● Directions
When copying the listing below, skip every picture and keep each word as it stands.

● Data block

---

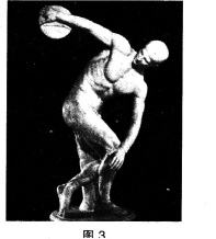 解析 米隆的《掷铁饼者》表现的是投掷铁饼的典型瞬间动作。人物的重心移至右足,让左足尖点地以支撑辅助.以头为中心两臂伸展成上下对称,从而使不稳定的躯体获得稳定感。
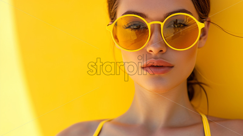 Woman wearing yellow swimming suit and a rounded yellow sunglasses
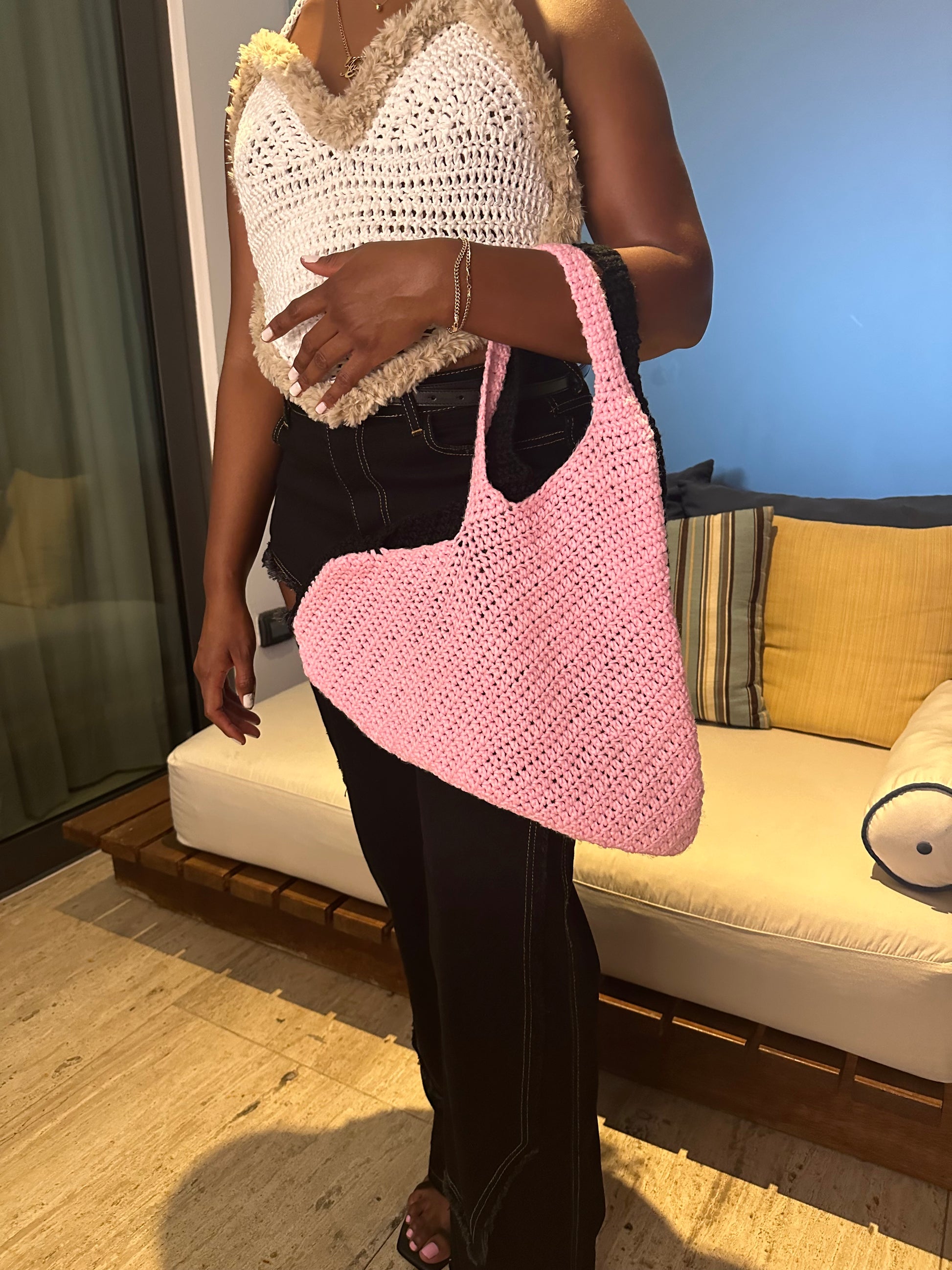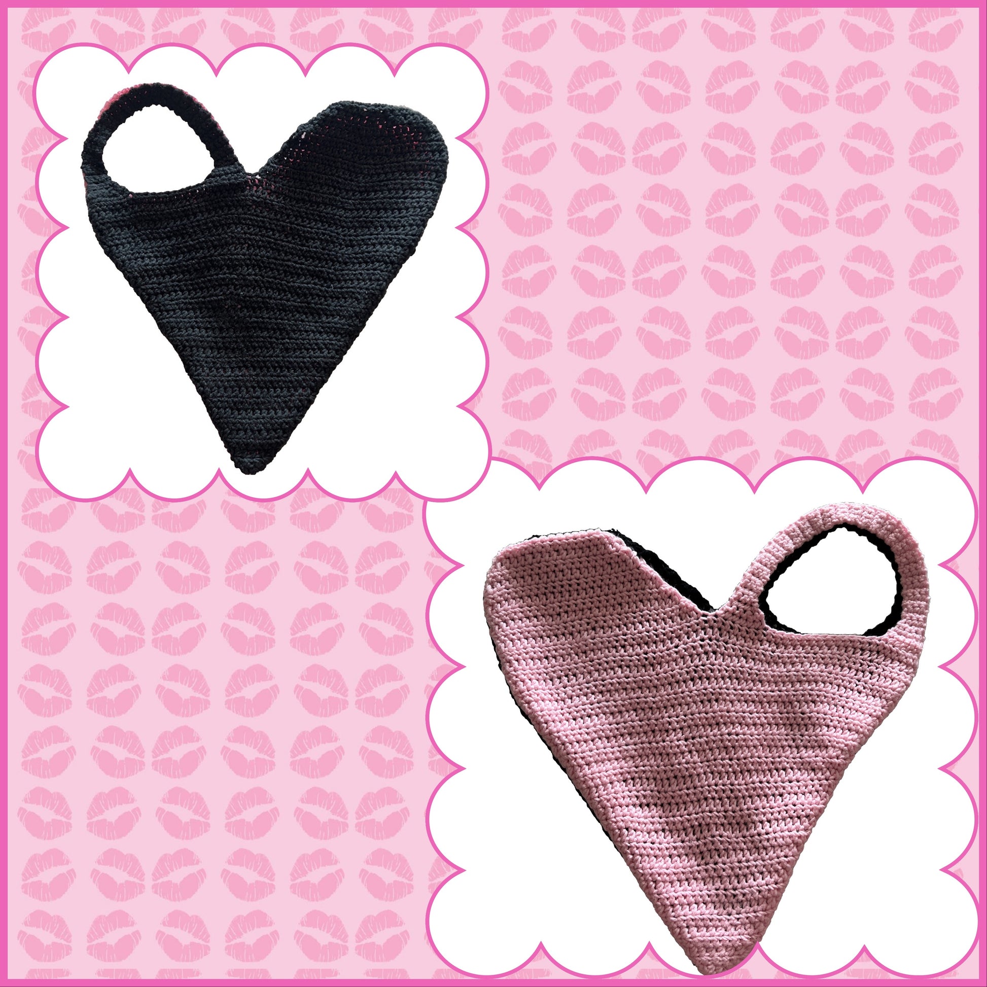Heart shaped tote bag. Medium size, good amount of space. Pink & black tote is reversible. Red and black totes are solid red or solid black.

---

● Answer to this exercise
 解析 米隆的《掷铁饼者》表现的是投掷铁饼的典型瞬间动作。人物的重心移至右足,让左足尖点地以支撑辅助.以头为中心两臂伸展成上下对称,从而使不稳定的躯体获得稳定感。
 Woman wearing yellow swimming suit and a rounded yellow sunglasses
Heart shaped tote bag. Medium size, good amount of space. Pink & black tote is reversible. Red and black totes are solid red or solid black.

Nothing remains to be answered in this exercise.